There has been a resurgence in factual international programming on British TV, reversing 14 years of steady decline, new research published today shows.

But that positive finding of the University of Westminster’s annual analysis conceals a number of negative developments.

Firstly, last year’s resurgence was driven almost entirely by the BBC: the trend was not followed by other channels (some of which showed significant drops in output).

Secondly, factual programming featuring developing countries did not recover as strongly as factual international programming overall – despite coverage of Iraq and a special focus on Africa in 2005. The report, Bringing the World to the UK, sees this as “cause for some concern”.

The rise in coverage is also diluted by the fact that though the number of channels monitored has doubled to eight since the annual surveys began, output devoted to international programming (the definition excludes news and current affairs programming) has risen by just 15 per cent.

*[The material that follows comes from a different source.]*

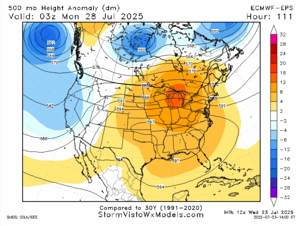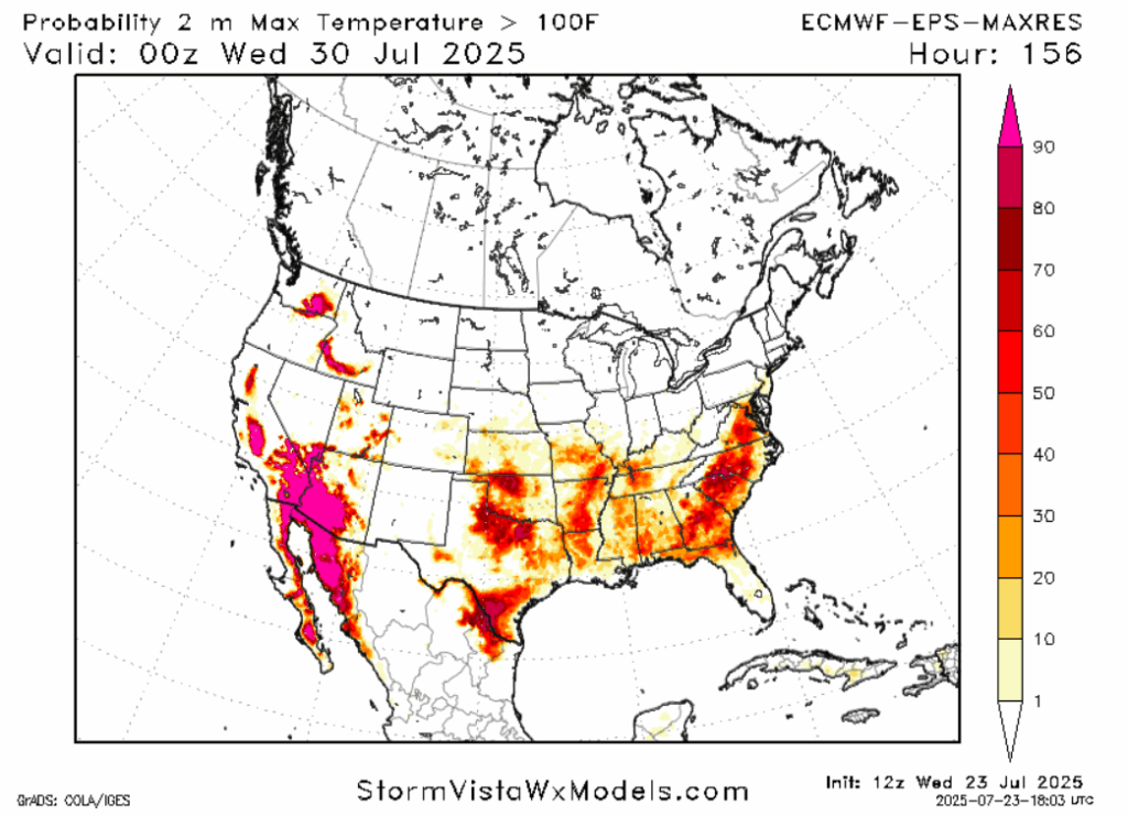 On Sunday, the “heat dome” returns to the eastern Continental United States. In the southeastern United States, this weather pattern could last most of the week. While we’re under the influence of this ridge, every day will have a similar pattern, with high temperatures in the upper 90s to potentially reaching 100 during the middle of the week. Diurnal heating will cause lift that will overcome the subsidence of the ridge in some areas, causing isolated thunderstorms. On any given day, the chance of rain is between 20 and 40 percent. Wind will be hard to come by in inland areas where sea breezes won’t have an impact. Things may cool later in the week, but it won’t feel any better as humidity associated with another tropical system approaches. Overall, prepare for a very hot time next week.

Another minus factor is that some of the programmes designated “factual and international” are of little or no value in understanding the world: Travel (especially of the “Brits abroad” variety) and Miscellaneous (“which tends to include softer and sometimes more sensationalist coverage”) make up half of all factual international coverage, and Celebrity Love Island, filmed in Fiji, forms three-quarters of ITV’s output.

“Harder” factual international programmes – such as politics, development, environment and human rights – account for just 10 per cent of the total.

To make matters worse, the report’s authors, Emily Seymour and Steve Barnett, point out that Ofcom, the industry’s regulator, is becoming less insistent on imposing public service obligations on ITV1 or Five.

The overall trend thus appears to be a ghettoisation of factual international programmes: if you want to see such programmes, you’ll have to switch to the BBC; if you watch other channels you’ll see hardly any.

In terms of impact, wildlife programmes scored highest, though, as with other categories, responses varied – 58 per cent of respondents felt they learned a lot from Elephant Diaries compared with only 2 per cent for Sharks on Trial.

The biggest “inspirational” response – which provoked audiences to find out more about the subject covered – was recorded with RCA (religion, culture and arts) programming, particularly Geldof in Africa and Brian Sewell’s Grand Tour.

Dorothy Byrne, Channel 4's head of news and current affairs, has attacked the methodology of the report for excluding news and current affairs and including programmes such as Celebrity Love Island: "This report just counts a quantity of programming filmed in the developing world...as far as I know you didn't see a person from a developing country in it", she told Monday's Media Guardian. What counts is the quality of what you are doing."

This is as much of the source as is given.